Most commonly, CEOs say to me that they never get time to look at the ‘big picture.’ Others say they never have time to see the details because they are always ‘out there’ raising cash – or vice versa. I admire big picture leaders who go out and build brand awareness, amazing partnerships, and make it rain cash with a flash of a smile to a room full of corporates; and those massively underappreciated, detailed, hands-on leader-managers who lead excellent services, and manage teams to get incredible performance. Yes, I’m stereotyping here: most of us are a bit of both. But realistically, we all have different balances of skills and talents, aptitudes and areas of excellence.

 

But here is perhaps the most controversial thing I can say to a group of people who, let’s be honest, have a bit of a tendency to martyr ourselves: – you are allowed to have a preference. And you are allowed, within reason, to let that steer your work, and influence your focus. You may be someone who can think strategically but, honestly, the idea of running more workshops and churning out another SWOT makes you want to hide beyond the three-legged community centre ping pong table. At one organisation, I once overhauled all our policies and governance to the envy and admiration of my peers - and handed in my resignation a few months later because I couldn’t face ever having to do that again. You are allowed to have a preference, you are allowed to play to your strengths, and you are allowed to hand over the things that you are not the best person to do, as long as they are then handled properly by somebody else.

 

Put simply: you are allowed to focus – because many times, that is the best thing for your organisation. CEOs who do this tend to flourish – because their passion, as well as their skills and talents, are fully engaged.
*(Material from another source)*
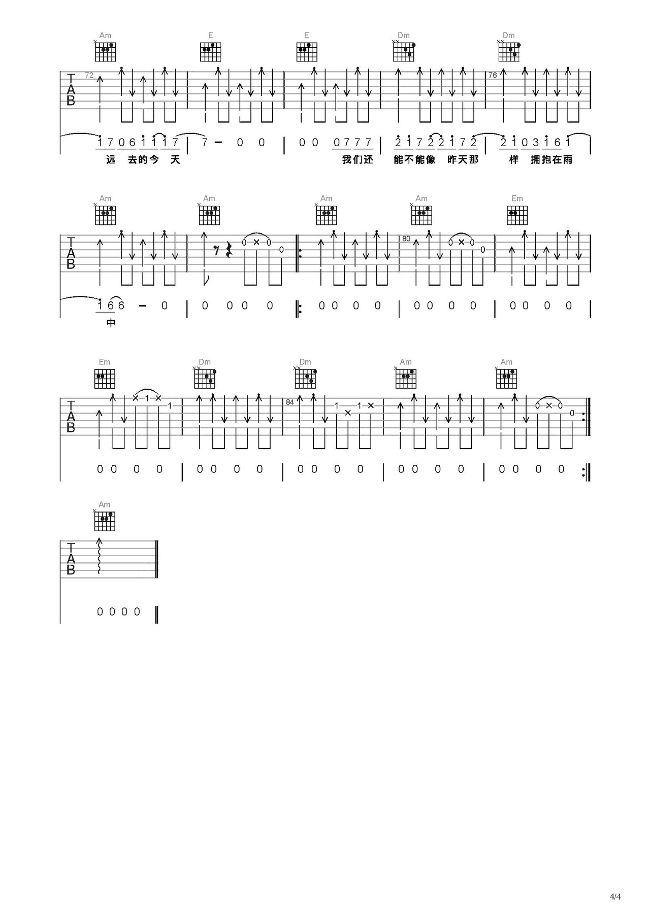在雨中吉他谱-弹唱谱-c调-虫虫吉他

That pays dividends for organisations who need adept, engaged leaders who have time to lead.

 

How to make it happen

So you will rightly be asking, ‘How, in my small charity, am I supposed to make that happen? We don’t have the cash for a second in command to balance the CEO. We can’t afford a senior team, or a big back office full of specialists.’ There are no magical solutions, but here are a few possibilities.

 

Obviously, pursuing greater scale can give you the chance to expand organisational leadership capacity and skills mix. You build your turnover to increase (unrestricted) income, and this allows you to increase leadership capacity, allowing for greater specialisation. Of course, having the capacity to put into that growth in the first place is usually the problem.

 

You can also look for complementary skills, personality types, and willingness to take on other responsibilities in your wider recruitment. If you need a finance lead, finding one who also has experience as an HR lead (or in fundraising, IT, etc.) could give you a leg up. I call this the charity sector ‘Frankenstein’s Monster’ approach - because the role is made up of all the bits and pieces of people you need, which funders won’t fund. It is usually unavoidable, and is the cornerstone of most small charity recruitment strategy – but at a  certain point it becomes unsustainable. You end up spreading the lack of focus across the whole organisation.

 

One way to avoid these drawbacks is to look to pull in senior leadership expertise to complement your skills as and when you need it, whether to give you extra capacity on your wider leadership work, or simply to take away some specialist tasks that don’t need your time. Freelance senior HR experts, fundraisers, finance people, domain experts, strategy consultants can all make a really big difference in a short time. They cost a lot less than a permanent new post - which would often be a sledgehammer to crack a nut. In my experience, people often think they need a full-time post to solve a single problem/ gap that a freelancer could solve in a day or two a month. (Small gaps can have significant enough impacts that they appear to need drastic and costly solutions.)

 

Whether any of these options are open to you right now, the key is to look to the future. If you have to be all things to everyone for now, what is your strategy to get to a place where you can focus? You may be unblocking the loos now, but with the right strategy, and the right resource, that can change.